TASK DIRECTIONS |
Pictures excluded, copy all of the data below exactly.

COLLECTED DATA |
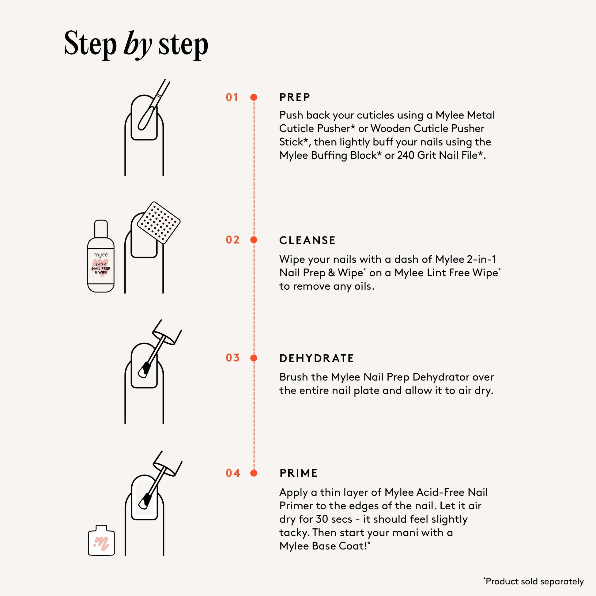 Wipe your nails with a dash of Mylee 2-in-1 Nail Prep & Wipe* on a Mylee Lint Free Wipe* to remove any oils.
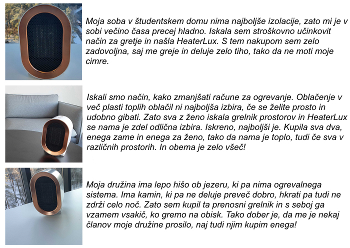 HeaterLux je prenosni grelnik prostorov. Učinkovito segreva zrak okoli vas, je izjemno tih, ne zavzame skoraj nič prostora in je lahko prenosljiv. Kupite grelnik prostorov, ki vas bo grel, kjer koli ga boste potrebovali, hkrati pa vam bo pomagal prihraniti tudi nekaj denarja za ogrevanje.
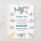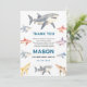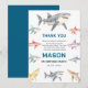 Tacka i sanning med en stor stänk! Detta söta haj 5-årsdag tack-kort är det perfekta sättet att dela uppskattning med gästerna efter er oceaniska äventyrsfest. Med ett sött haj- och undervattens tema är det roligt, vänligt och perfekt för små havsforskare. Anpassa ditt meddelande och skicka stora leenden hem. Bra för oceanfester, haj-älskande barn och att fylla fem på ett häftigt sätt!
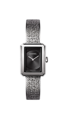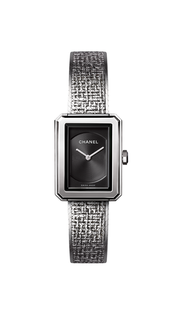 ダイヤル:ブラック ギヨシェダイヤル リュウズ:ステンレススティール、ブラックスピネル カボション ブレスレット:ステンレススティール、ツイードパターン、ダブルフォールディングバックル |

EXERCISE SOLUTION |
 Wipe your nails with a dash of Mylee 2-in-1 Nail Prep & Wipe* on a Mylee Lint Free Wipe* to remove any oils.
 HeaterLux je prenosni grelnik prostorov. Učinkovito segreva zrak okoli vas, je izjemno tih, ne zavzame skoraj nič prostora in je lahko prenosljiv. Kupite grelnik prostorov, ki vas bo grel, kjer koli ga boste potrebovali, hkrati pa vam bo pomagal prihraniti tudi nekaj denarja za ogrevanje.
 Tacka i sanning med en stor stänk! Detta söta haj 5-årsdag tack-kort är det perfekta sättet att dela uppskattning med gästerna efter er oceaniska äventyrsfest. Med ett sött haj- och undervattens tema är det roligt, vänligt och perfekt för små havsforskare. Anpassa ditt meddelande och skicka stora leenden hem. Bra för oceanfester, haj-älskande barn och att fylla fem på ett häftigt sätt!
 ダイヤル:ブラック ギヨシェダイヤル リュウズ:ステンレススティール、ブラックスピネル カボション ブレスレット:ステンレススティール、ツイードパターン、ダブルフォールディングバックル |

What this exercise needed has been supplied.